This blog post was originally posted by Larry Hardesty on MIT News.
Artificial-intelligence research has been transformed by machine-learning systems called neural networks, which learn how to perform tasks by analyzing huge volumes of training data.
During training, a neural net continually readjusts thousands of internal parameters until it can reliably perform some task, such as identifying objects in digital images or translating text from one language to another. But on their own, the final values of those parameters say very little about how the neural net does what it does.
Understanding what neural networks are doing can help researchers improve their performance and transfer their insights to other applications, and computer scientists have recently developed some clever techniques for divining the computations of particular neural networks.

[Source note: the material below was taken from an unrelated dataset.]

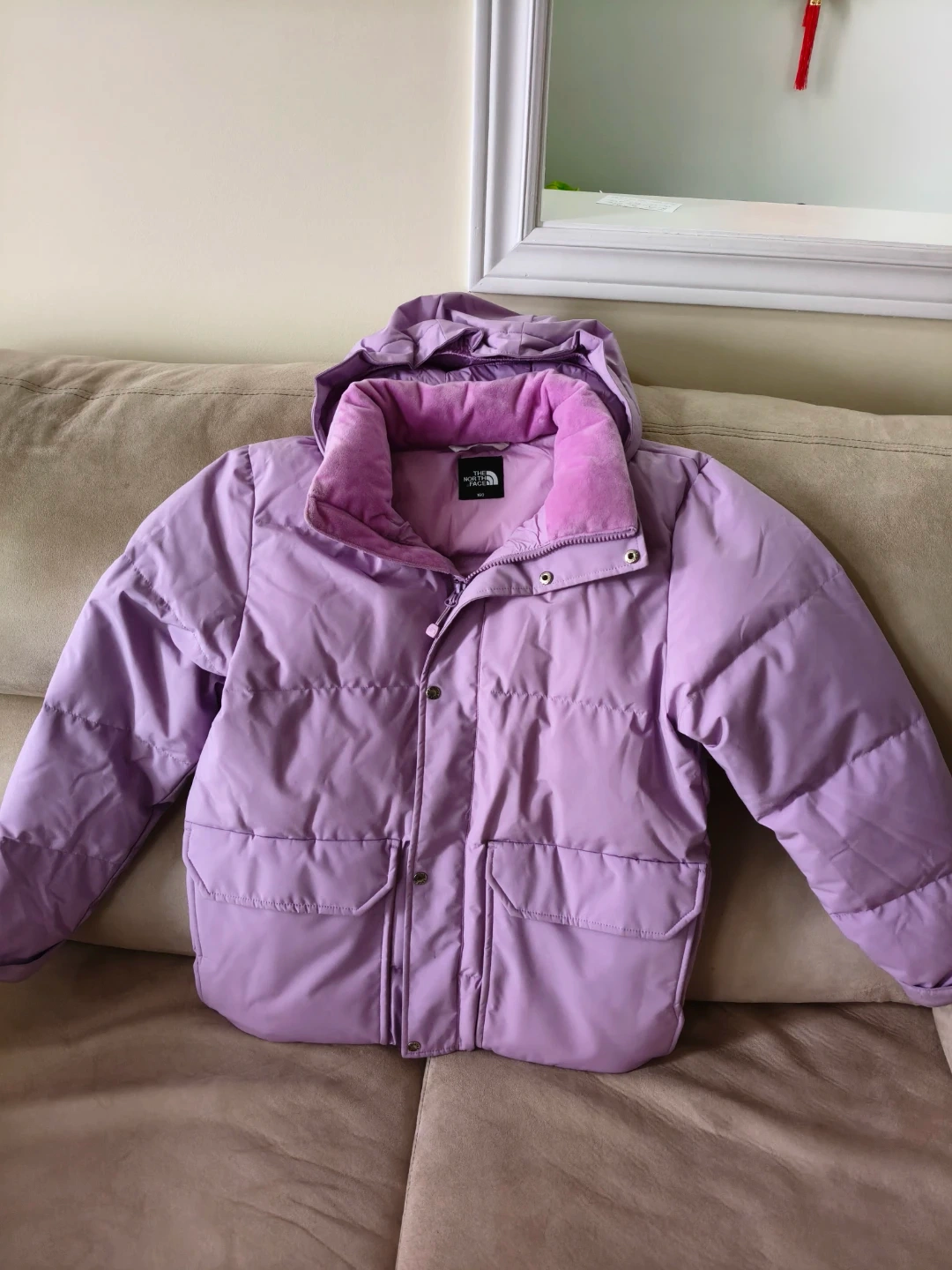 Selling a cute The North Face puffer jacket in a lovely shade of purple! It's in great condition and perfect for staying warm during the colder months. The size is 160.

But, at the 2017 Conference on Empirical Methods on Natural Language Processing starting this week, researchers from MIT’s Computer Science and Artificial Intelligence Laboratory are presenting a new general-purpose technique for making sense of neural networks that are trained to perform natural-language-processing tasks, in which computers attempt to interpret freeform texts written in ordinary, or “natural,” language (as opposed to a structured language, such as a database-query language).
The technique applies to any system that takes text as input and produces strings of symbols as output, such as an automatic translator. And because its analysis results from varying inputs and examining the effects on outputs, it can work with online natural-language-processing services, without access to the underlying software.